We are working on a large-scale video retrieval system effective, fast, and easy to use for content search scenarios that are truly relevant in practice (e.g., known-item search in an ever-increasing video archive, as nowadays ubiquitous in many domains of our digital world).

VISIONE  is a content-based video retrieval system that participated to VBS for the very first time in 2019. It is mainly based on state-of-the-art deep learning approaches for visual content analysis and exploits highly efficient indexing techniques to ensure scalability. The system supports query by scene tag, query by object location, query by color sketch, and visual similarity search.

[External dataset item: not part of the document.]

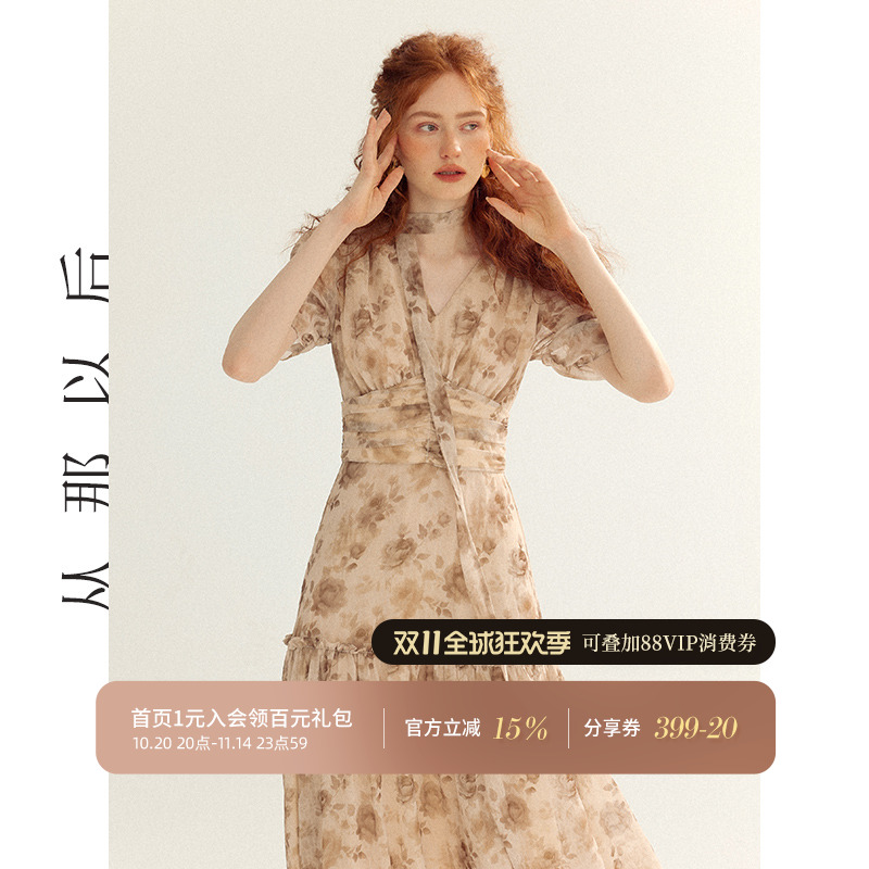 从那以后法式碎花裙茶歇长裙秋长袖裙子秋季高级感礼服连衣裙早秋

We developed solutions for Parking lot Occupancy Visual recognition which uses surveillance cameras to automatically decide about the occupancy of individual parking slots in a parking lot. We used techniques based on Deep Learning, and more specifically Convolutional Neural Networks, appositively designed to run on low computational power devices, as for instance smart cameras, or Raspberry devices. We also built two publicly available datasets (CNRPark and CNRPark+EXT) that can be used by researchers, willing to develop new solutions for Parking Lot Occupancy Visual Recognition, to perform objective comparisons with state of the art techniques.

More details here.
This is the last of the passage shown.